Neyse başka kıl tüy huyları da var kendisinin.
Misal diyor ki bir gün “Kocacım kralcım, ben mendillerin kare olmasını istiyorum.”
Baaak!
Kaprise bak!
O da hemen bir ferman çıkartıyor, çat o gün bugündür bütün mendiller kare…
Dünyanın her yanında kızların, oğlanların elinde birer mendil…
O zamanlar bizim gibi pis pis sümük silmiyorlar mendillere, bir letafeti, zarafeti var olayın, bir çeşit aşk mektubu.
Burun kollara siliniyor, mendili ziyan etmiyorlar.
Mendilin ucuna sevdiğinin baş harfini işliyorsun, öyle kıymetli bir aksesuar.

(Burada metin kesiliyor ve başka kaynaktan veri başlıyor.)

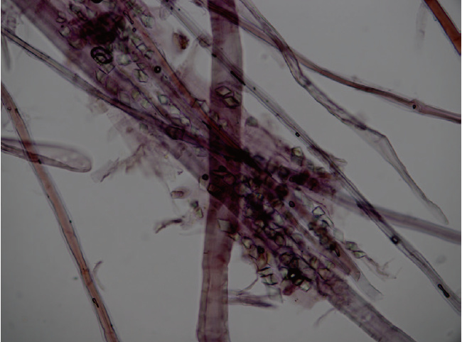 構皮紙還有一個非常重要的特征是除纖維細胞外,紙張纖維中還能見到大量的草酸鈣晶體(如圖4),多呈菱形或者正方形,常存在于薄型細胞的腔內或者細胞與細胞之間,造紙過程中的打漿和漂洗程序會使草酸鈣晶體流失,因而一些制作精細的構皮紙中殘留的草酸鈣晶體相對少見。

Şimdi hikayeye buyrun gençler.
Bir yaşlı teyzeden dinlemiştim köyde çocukken.
Buncağızın bir yavuklusu var, mendil işleyecek ama kumaşı yok.
Yokluk, fakirlik zamanları…
Ama aşk hep var.
Aşk ekonomi dinlemiyor, kumaşları yok ama sevgilileri var.
Neyse mendil yapmak için babasının gömleğinin etek ucundan bir kare parça kesiveriyor cancağızım.
Ucuna ikisinin baş harflerini işleyip oğlana gönderiyor.
Kesik gömleğin faili soruluyor evde ama kimsede ses yok.
Ohhh diyor bizimki yırttım.
Tee ne zaman sonra, gönlü geçip ayrılınca, hain oğlan mendili getirip bırakıveriyor bahçe kapısının altına.
Mendilin ucundaki harflerden buluyorlar gömleği kesenin kim olduğunu…
Yaaa Marie Antoinette öyle işte, haberin var mıydı senin bunlardan?
Yoktu dimiii?
Olmaz tabi…
Sen anca ye, iç, giyin, kuşan yak Fransızların başını.